= Palais des Beaux Arts, Vienna =

The Palais des Beaux Arts is an Art Nouveau building at Löwengasse 47-47A in Vienna's third district, Landstraße, that currently houses the embassies of the Republic of Lithuania and the Republic of Moldova (since 1994), as well as the Palais des Beaux Arts Wien, an artist-run art institution and place of remembrance. The building was erected between 1908 and 1909 by Anton and Josef Drexler, who also designed several houses on Rudolf-von-Alt-Platz and contributed other designs to the surrounding Weißgerberviertel quarter of the district. The building was originally built as home to Chic Parisien, a center for fashion.

== Architecture ==
Its architecture features an original combination of elements of late Historicism and decorative motifs of West European Art Nouveau.

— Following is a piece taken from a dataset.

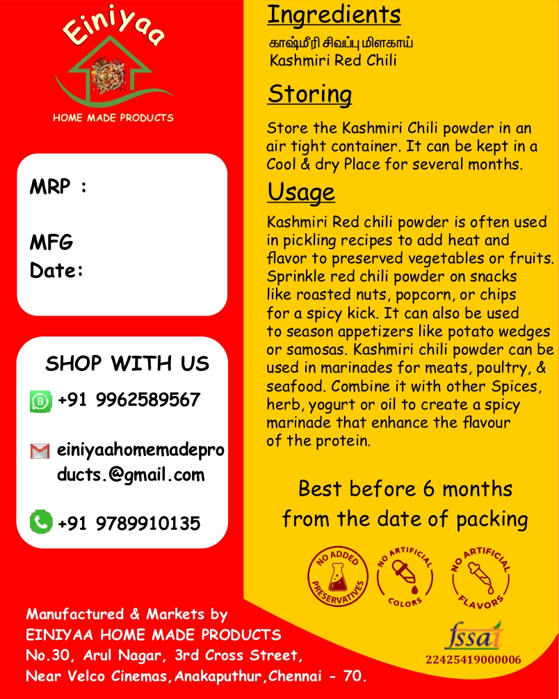 Kashmiri Red Chili Powder (காஷ்மீரி சிவப்பு மிளகாய்)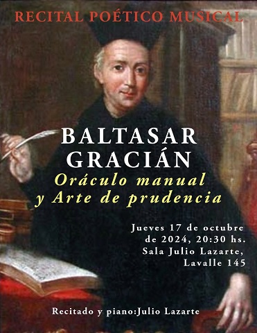 - Jueves 17 de octubre, a las 20.30, “Oráculo manual y Arte de prudencia”, de Baltasar Gracián. Recitado y piano: Julio Lazarte.

Austrian architecture critic Friedrich Achleitner lauded the structure for its rational ground plan and its contrasting, almost Baroque, abundance of decoration. He considered this layout noteworthy because it made the building easily adjustable.

The structure is dominated by a corner tower that resembles an inserted hinge, flanked by female figures holding globes. The interior features a vestibule decorated with floral stucco and reliefs of female figures in the staircase.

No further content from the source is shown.